Ziraat Odaları Başkanı, Türk kamuoyuna bu konuda bilgi vermek sorumluluğunda değil midir?
Bayraktar; çıkarılan yönetmeliğin, GDO’lu üretim izninin önünü açmak için bir basamak olarak kullanılmaması gerektiğini söylüyor ve önce GDO’lu ürünlerin ithalatının başlaması, arkasından da çıkacak olan kanunla üretiminin yapılmasından korktuklarını da bildirdi.
Evet, tezgâh budur zaten!
* * *
Peki GDO yönetmeliğinin çıkarılması ile şeker fabrikalarının özelleştirilmesi arasında bir bağlantı yok mu?
TZOB Başkanı, şeker pancarı üreticisini korumak için niçin bir kampanya başlatmıyor?
Bakın Prof. Dr. Tayfun Özkaya, odatv.com’da ne yazıyor:
“Bir taraftan şeker fabrikaları özelleştiriliyor, diğer yandan Tarım Bakanlığı bir yönetmelikle GDO’lu ürünlerin ithalatına kapıyı ardına kadar açıyor. Biliyorsunuz artık mısırdan şeker üretilebiliyor. Amerikan şirketleri bunun için Türkiye’ye yerleşti. Mısırın çoğu Amerika’dan ithal ediliyor ve bunlar GDO’lu. Mısır’dan şeker üretmek için, daha doğrusu mısır nişastasını şekere (früktoz şekeri) dönüştürmek için biyoteknoloji ürünü, yani GDO’lu enzimler kullanılmakta. Bunun için dünyada yılda 200 milyon dolarlık enzim satılmakta. Bu nişasta bazlı şekere ’Yüksek Oranlı Früktoz Mısır Şurubu’ denmekte. Kısaltması HFCS.
Amerikan şirketleri bu ürün için ayrılan kotayı yükseltmek, mümkünse kotayı kaldırmak istiyor. Bunun için engel nedir? Engel Türkiye’de şeker pancarına dayalı şeker üretimidir. Mısır şurubu Amerikan şirketlerine çok kâr bırakıyor. Onun için şeker fabrikalarının özelleşmesi gerekli. Bunları kendileri alarak kontrol etmeseler bile bu özelleşme sonunda şeker fabrikalarının çoğunun kapanacağı düşünülüyor. Üretim açığı, tabii ki mısır şurubu ile kapatılacak.
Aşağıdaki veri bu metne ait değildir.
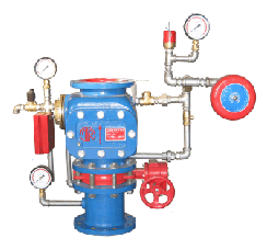雨淋報警閥主要結構為閥體、閥瓣、閥座、隔膜控制室及壓桿等。屬杠桿式控制閥。閥體材料為灰口鑄鐵,閥瓣、閥座、膜室蓋、控制室支持架均采用銅合金材料,壓桿軸、閥瓣軸及彈簧等采用不銹鋼材料,密封墊、控制室隔膜采用丁腈橡膠。閥瓣打開后,壓桿在彈簧作用下旋轉一定角度支住閥瓣,使其不能關閉。滅火后,可用扳手在閥體外側旋轉復位,無需打開閥體蓋進行復位。
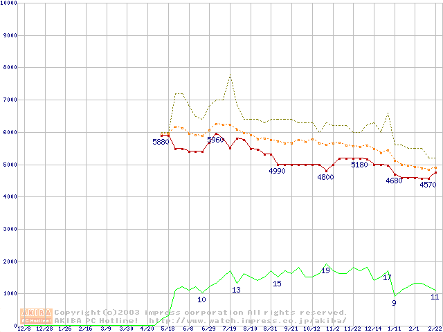 メモリ主要製品(最安値5千円未満)の最安値推移
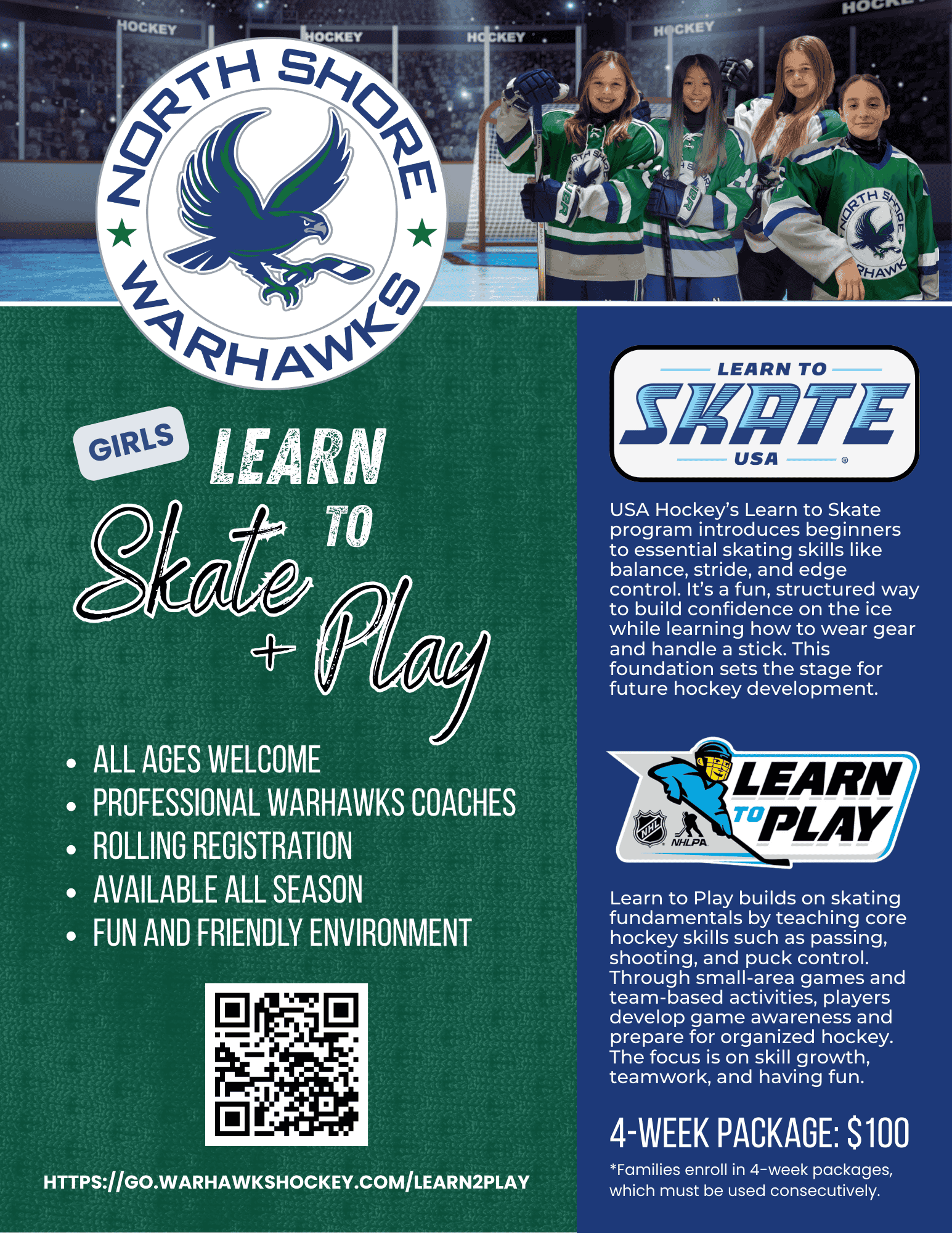 The Warhawks have partnered with Rink Rat Rentals who offer high-quality rental equipment for youth hockey players aged 3-12, providing an affordable alternative to buying new gear. This partnership ensures that families have access to all the gear they need, whether your child is a first-year skater or already a few seasons in.

Türkiye, mısır ithali için parayı nereden bulacak? Kapanacak olan (çoğu geri kalmış yörelerimizdeki) şeker fabrikalarındaki işçiler işsiz kalınca nerede iş bulacak? Pancar üretemeyecek olan çiftçiler nasıl geçinecek? Bunlardan onlara ne? Küreselleşme zaten bu demek değil mi?
* * *
Bu arada hem enzimi, hem de mısırı GDO’lu olacak olan bu şeker insan sağlığına zararlı. Ayrıca bu mısırdan üretilen şeker fruktoz olduğu için GDO’suz mısırdan üretilse bile şeker pancarı şekerine göre çok daha zararlı olacak. Çünkü vücutta hızlıca yağa dönüştürülüyor.
ABD’de kullanılan şekerin yarısı bu mısır şurubudur. Amerikalılar, kola, pasta vb. birçok üründen kişi başına yılda 70 kilo şeker almaktadır. Bu yüzden ABD’de bazı eyaletlerde halkın yarısından çoğu obez oldu.
Obez şişman değildir. Aşırı şişmandır.”
Demek ki, GDO’ya izin vermek Türk halkının sağlığı ile oynamaktadır, millete ihanettir ve Yüce Divanlık bir suçtur!